Werbung für Handwerker: Warum Image-Pflege auch bei vollen Auftragsbüchern wichtig ist
Lesezeit: 7 Minuten
Es sind goldene Zeiten für das Handwerk: Die Corona-Pandemie hat uns vor Augen geführt, wie wertvoll die heimischen vier Wände sind, entsprechend haben die Menschen in ihr Zuhause investiert – und sie tun es noch. Die Auftragsbücher im Handwerk sind voll!
Aber: Auch und gerade in einer solchen Phase ist es wichtig, in Werbung zu investieren. Im Folgenden wollen wir die wesentlichen Gründe hierfür beleuchten, außerdem verraten, welche Werbeformen sich für das Handwerk anbieten, und wie auch kleine Betriebe erfolgreich auf sich aufmerksam machen – klappern gehört eben zum Handwerk. Darum sollten Handwerker für sich werben.

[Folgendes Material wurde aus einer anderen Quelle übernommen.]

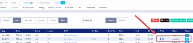 The shift will now display the status Cancelled. The Note icon will display the Note that was entered for the Cancel Reason.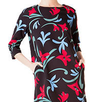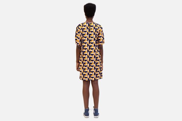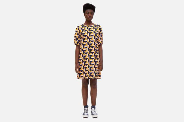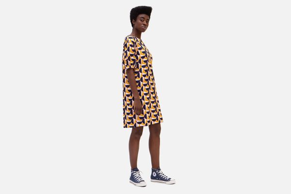 – This may look like a simple dress, but the set-in sleeves give it special allure. Thanks to the straightforward cut, all attention is drawn to the pink, ochre and dark blue graphic print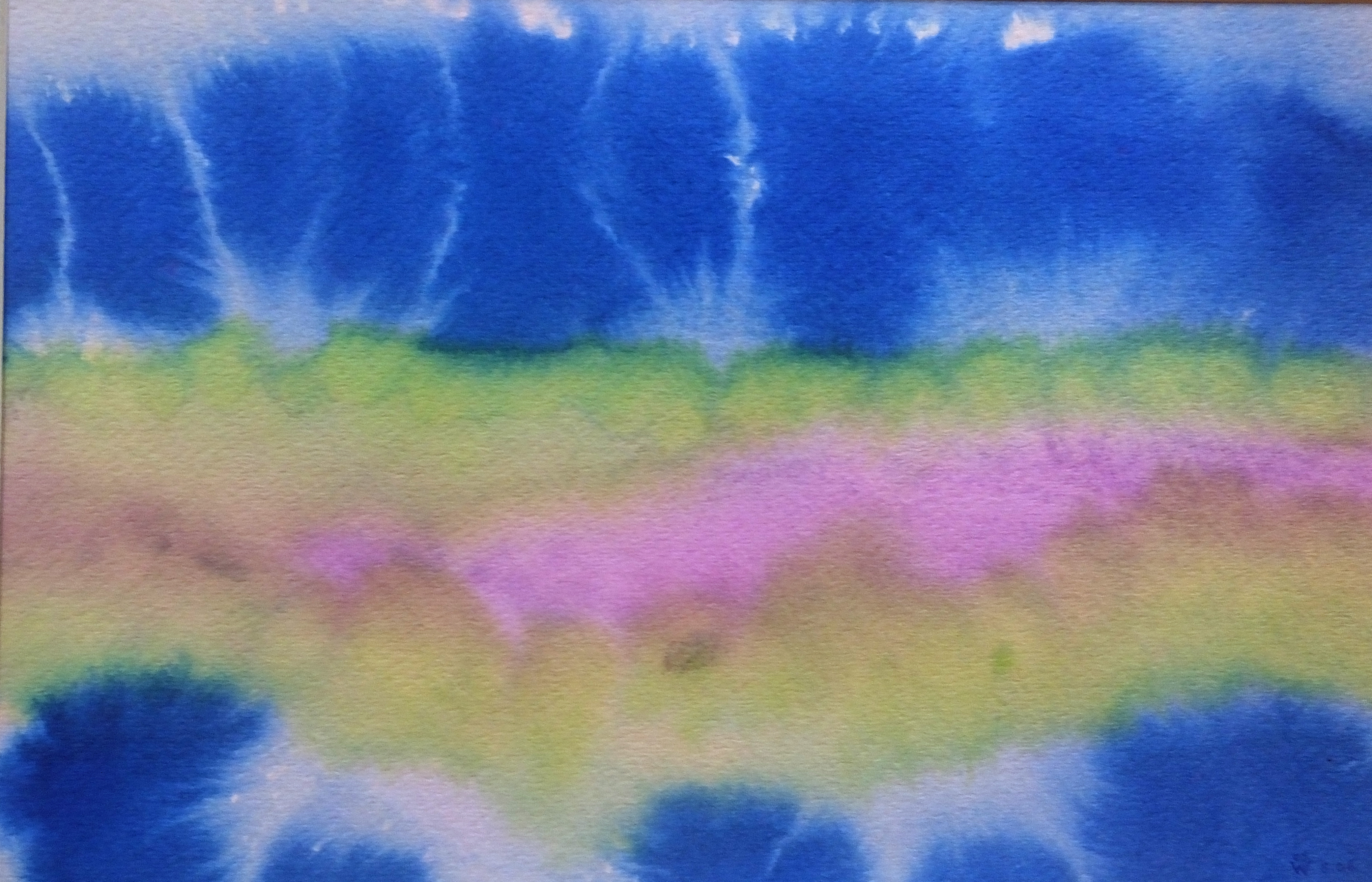 Water is the medium. Water is my brush. Using watercolors on wet paper, I allow the water’s capillary action to “suggest” an image from the natural world and then work with it, using a variety of methods. I have sought to capture scenes from nature with dazzling, bleeding color. The paintings are an exercise in “letting go” and allowing the creative energies to flow, after preparing the mind through meditation.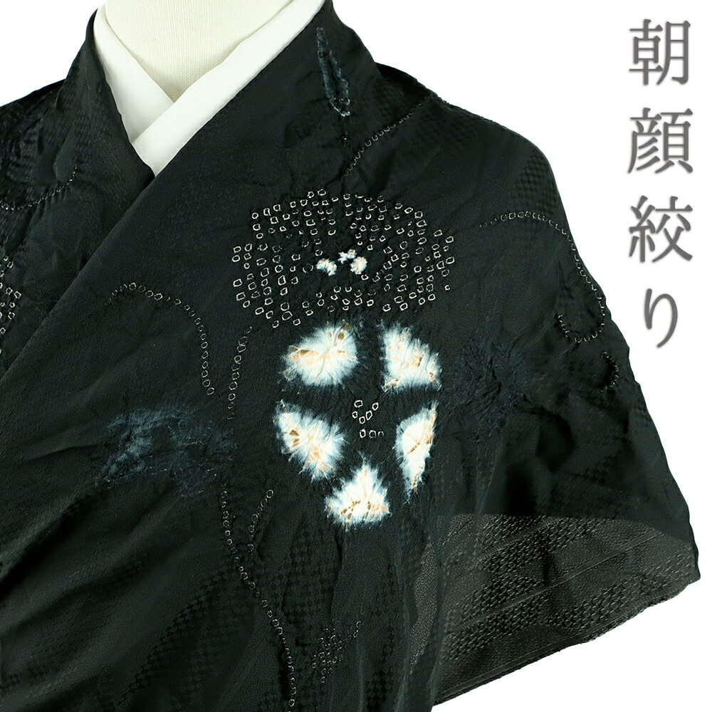 浴衣 絞り 黒地 花 鹿の子絞り ポリエステル 和柄 未仕立て 反物 着物 和装 おしゃれ着 カジュアル モダン レトロ おしゃれ 可愛い 粋 涼しい 大人 上品 和 No.4-0664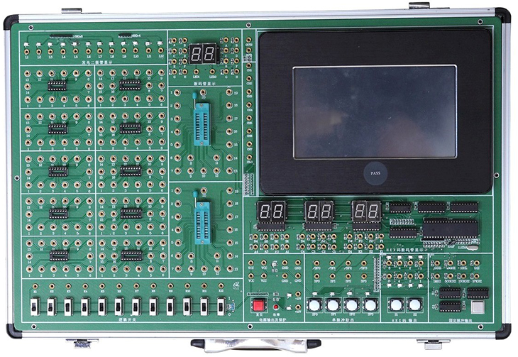 數(shù)字邏輯測試實驗箱由鋁木合金箱體、開關電源、常用信號源、實驗電路區(qū)和邏輯示波器等組成。其中常用信號源由高性能單片機89C51產生,信號穩(wěn)定可靠。全部的實驗用信號線的連接采用自鎖緊鍍金插頭座,接觸可靠。配置8路邏輯示波器自帶嵌入式CPU SMT32和7.5寸液晶屏,有效地提高設備的綜合利用率。數(shù)字邏輯測試實驗箱適用于本?、高職高專院校所有電類和非電類專業(yè)《數(shù)字電子技術》課程的實驗、實訓和自行設計。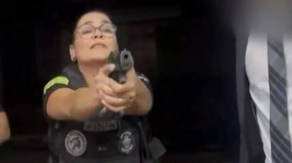 A moradora registrou a ação policial, no vídeo da abordagem dos agentes, uma policial chegou a apontar uma arma em direção à moradora e falar com ela em tom de ameaça.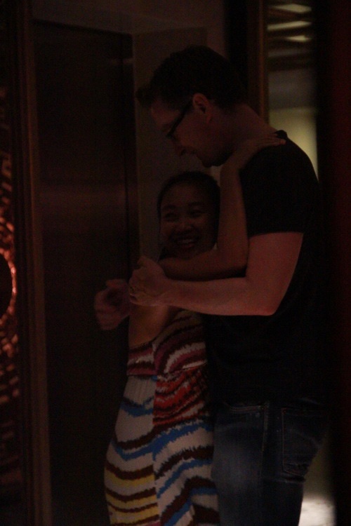 | Chồng Tây bất ngờ dành cho "thỏi socola" một nụ hôn nồng nàn. |

Warum als Handwerker werben?
Image ist alles! Doch es will gepflegt werden.
Wer in erfolgreichen Phasen in Werbung investiert, schlägt gleich zwei Fliegen mit einer Klappe:
- Zum einen fällt es bei gut laufendem Geschäft leichter, Werbung zu finanzieren.
- Zum anderen trägt gute Werbung maßgeblich dazu bei, neben dem „Butter- und Brotgeschäft“ auch an Neukund*innen und damit vielleicht auch an die wirklich lukrativen Aufträge heranzukommen.
Wer weiß, welche neuen Geschäftsbeziehungen sich daraus entwickeln. Unterschätzen sollte man aber auch nicht die Bestandskundenkartei:
In ihr schlummert ein riesiges Potenzial.
Kundenzufriedenheit ist das eine – sich als Unternehmen fortlaufend positiv in Erinnerung zu bringen das andere. So kommt der nächste Auftrag ganz bestimmt.
Ein positives Image stärkt auch die Arbeitgebermarke.
Wer hat noch nicht vom Fachkräftemangel gehört? Gutes Personal ist rar gesät. Unternehmen führen seit einigen Jahren in einen harten Wettbewerb um die besten Kräfte – da bildet das Handwerk keine Ausnahme.
Eine gute Außendarstellung ist unbezahlbar – gute Werbung daher gut angelegtes Geld.
Möglichkeiten im Handwerk: Wie werbe ich richtig?
Arten von Werbung gibt es viele. Welche die richtige ist, muss jeder Betrieb für sich selbst herausfinden – kein einfacher Prozess.
Ein erster, wichtiger Schritt ist die Definition des Werbeziels.
Daraus ergeben sich dann die nächsten Schritte hin zu einer Kampagne, die zu einem passt.
Ein zweiter Punkt: das Budget, das man investiert. Es bildet die Grundlage für die Entscheidung für oder gegen eine Werbeform. Eines lässt sich aber sicherlich schon vorher festhalten:
Die potenzielle Kundschaft ist vor allem im Netz unterwegs.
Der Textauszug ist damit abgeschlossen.